Contrarianism in Practice A Howard Marks Case Study on the 2020 Oil Crash
The 2020 Oil Crash: A Howard Marks Contrarian Case Study
The spring of 2020 was a time of unprecedented fear in the oil market. The COVID-19 pandemic had brought the global economy to a standstill, and the demand for oil had evaporated. The price of West Texas Intermediate (WTI) crude oil, the U.S. benchmark, did something that was once thought impossible: it traded at a negative price. This was a moment of maximum pessimism, and a perfect case study in the contrarian philosophy of Howard Marks.
The First-Level Reaction: Panic and Capitulation
As the price of oil plummeted, the first-level reaction was panic. Traders and investors who were long oil rushed to sell at any price. The financial media was filled with stories of a new paradigm, a world where oil was no longer a valuable commodity. The consensus was that the oil industry was dead.
This is a classic example of what Marks calls "the herd." When fear takes over, rational analysis goes out the window. The only thing that matters is getting out.

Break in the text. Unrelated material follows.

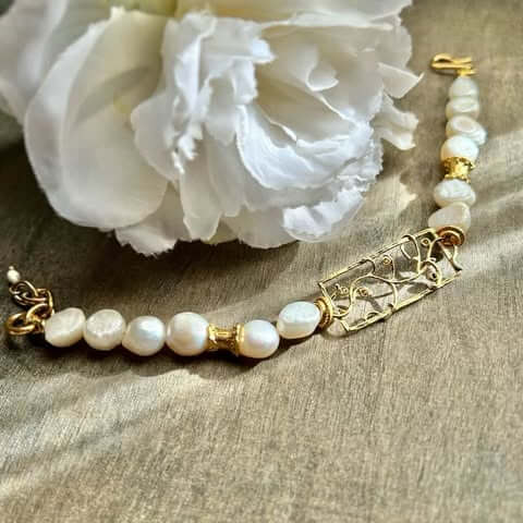 Pulsera de perlas de agua con pieza central rectangular en peltre y baño de oro de 18 quilates. Luz, equilibrio y elegancia atemporal.

The Second-Level Analysis: Seeing the Opportunity in the Chaos
A second-level thinker, in the spirit of Howard Marks, would have seen the situation differently. They would have acknowledged the real and serious challenges facing the oil industry. But they would have also asked a series of second-level questions:
- Is the world really going to stop using oil overnight? No. While the transition to renewable energy is real, it will take decades. In the meantime, the world will still need hundreds of billions of barrels of oil.
- What is the cost of production? Even the most efficient producers cannot make money with oil at $20 a barrel, let alone negative prices. This means that supply will inevitably be shut in, which will eventually lead to a tighter market.
- What is the sentiment? The sentiment in the oil market in the spring of 2020 was as bad as it gets. Everyone was bearish. This is the classic setup for a contrarian trade.
The Contrarian Trade: Buying When There Is Blood in the Streets
A trader following a Marks-inspired approach would have seen the 2020 oil crash as a once-in-a-generation buying opportunity. They would have been buying oil futures (CL) or oil stocks (XLE) when others were selling in a panic.
An entry rule could have been: Initiate a long position in XLE when the price of WTI crude is below $20 a barrel and the daily sentiment index for the energy sector is below 10% bulls. This is a simple, but effective, rule that would have gotten you into the trade at or near the bottom.
The Exit: Selling into the Inevitable Recovery
The recovery in the oil market was just as dramatic as the crash. As the global economy began to reopen and supply was constrained, the price of oil surged. A contrarian trader would have been selling into this strength, taking profits as the consensus shifted from bearish to bullish.
An exit rule could have been: Begin to trim the long position in XLE when the price of WTI crude is above $60 a barrel and the daily sentiment index for the energy sector is above 90% bulls.
The Lesson of the Oil Crash: The Power of Contrarianism
The 2020 oil crash is a effective reminder of the importance of contrarian thinking. It is also a evidence to the wisdom of Howard Marks. By going against the herd and buying when there was blood in the streets, a contrarian trader could have generated extraordinary returns.
This is not an easy strategy to execute. It requires courage, discipline, and a deep understanding of market psychology. But for the trader who can master the art of contrarianism, it is a path to superior performance.